Since turning off the Macbook's "stealth mode," I am able to ping both ways successfully. I can access my home directory on the Macbook from the PC but still cannot see the PC from the Macbook's Finder window. This is important because the PC is the desktop machine with the big hard drives and the printer.

I would greatly appreciate it if you could review my firewall configuration and whatever other settings you think may be relevant. Could you tell what your email address is? I looked at your profile but didn't see it. (maybe I didn't look hard enough).

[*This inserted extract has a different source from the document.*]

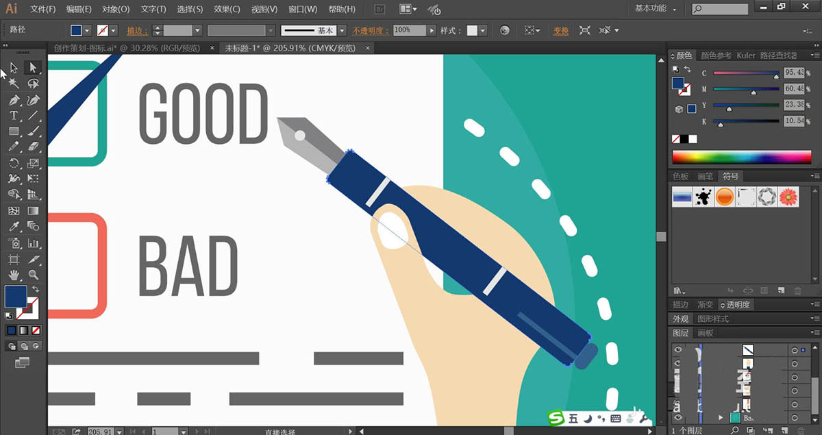 7、再画出右侧的钢笔路径,使用深蓝色填充钢笔主体路径,使用明暗灰色填充钢笔头的路径,再用白色与蓝灰色填充钢笔中间与末端的结构件,完成评测图片设计。

Send it by PM if you prefer.

Thank you for trying to help.

Quote:
Originally Posted by clanmills View Post
Hi

I run Tiger (10.4) on my 5 year old PowerBook Pro (PPC) and Leopard on my 24" iMac (Intel). I use VMware fusion and I have virtual machines running XP, Vista-64 and Ubuntu. I use these systems for a couple of opensouce projects to which I contribute.

It certainly sounds like a firewall problem. I don't think I have ever messed with the firewall on my Macs and as I said, everything works fine. If ping and smbclient cannot talk to windows, you're in a lot of trouble. Can you confirm that your Mac network card's working - you can browse the internet, right?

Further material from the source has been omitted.